Ice cream and potato chips are just as addictive as cocaine or heroin: research

by Rajesh Kaur

Title: Ultra-Processed Foods: The Hidden Addiction Facing Millions


Research conducted at the University of Michigan has shed light on a startling revelation: ultra-processed foods (UPFs) are just as addictive as harmful substances like nicotine, cocaine, or heroin. These findings have significant implications for public health, given that over 1 in 10 individuals are reported to be addicted to UPFs. The addictive potential of these foods highlights the urgent need for greater awareness and understanding of their negative impact on cognitive function, mental health, and overall well-being.

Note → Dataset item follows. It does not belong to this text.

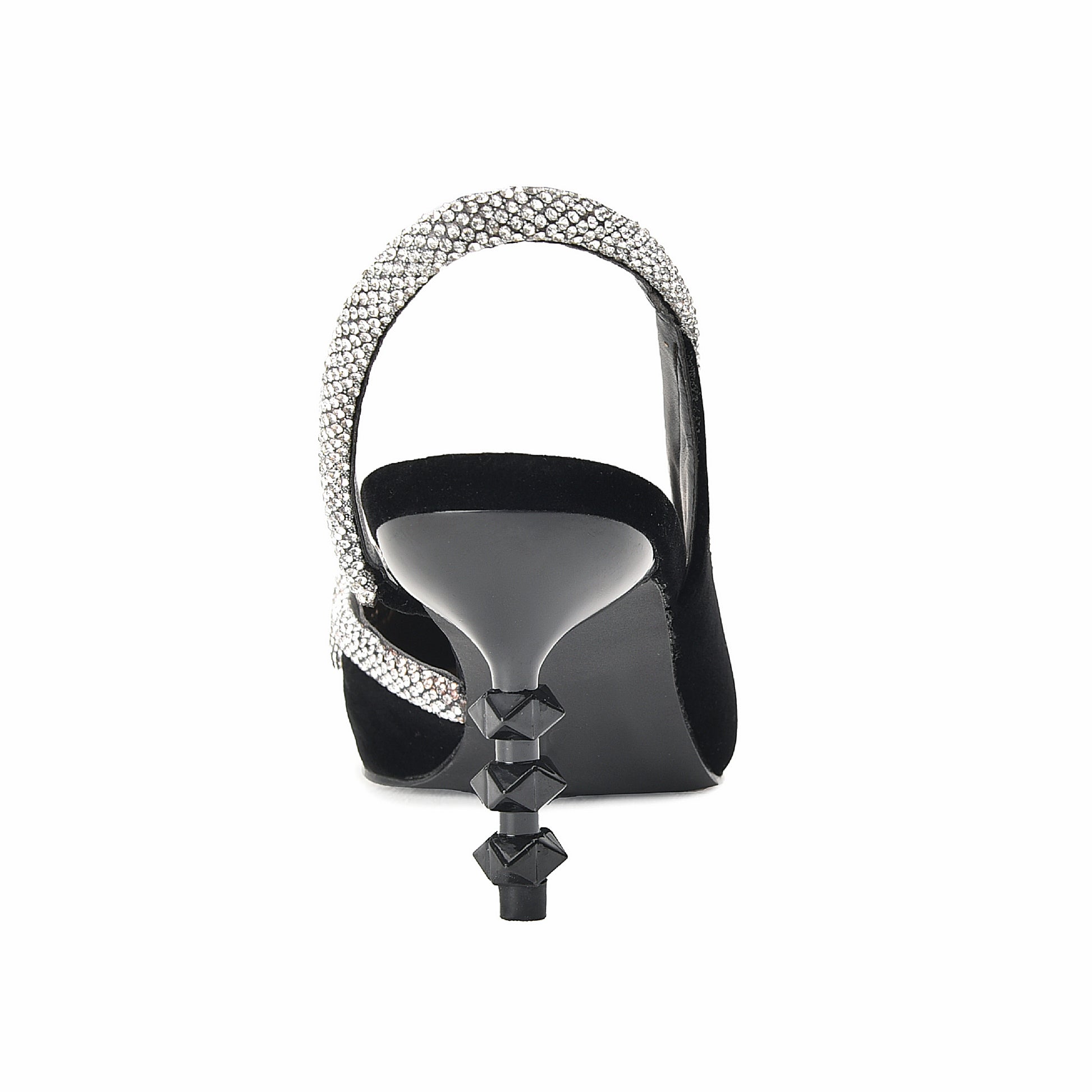 Elegant Black Velvet Slingback Heels with Rhinestone Bow | 469L-C

The Study’s Shocking Findings

Led by Professor Ashley Gearhardt, the analysis examined 281 studies from 36 countries and revealed that a staggering 14% of adults globally are hooked on UPFs. Such foods, including sausage, ice cream, biscuits, soft drinks, and sugary cereals, have long been associated with cognitive decline, cancer, psychological distress, and premature death. By applying similar criteria used to diagnose substance addiction, such as uncontrollable consumption, cravings, and continued intake despite known health risks, the study established the addictive nature of these highly processed products.

Understanding the Addictive Nature of UPFs

Researchers attribute the addictive potential of UPFs to the combination of refined carbohydrates and fats commonly found in them. This combination triggers supra-additive effects on brain reward systems, enhancing their addictive potential. While the exact mechanism remains unclear, experts theorize that it is the combined effects of these multiple ingredients that contribute to their addictive properties rather than a single ingredient acting alone.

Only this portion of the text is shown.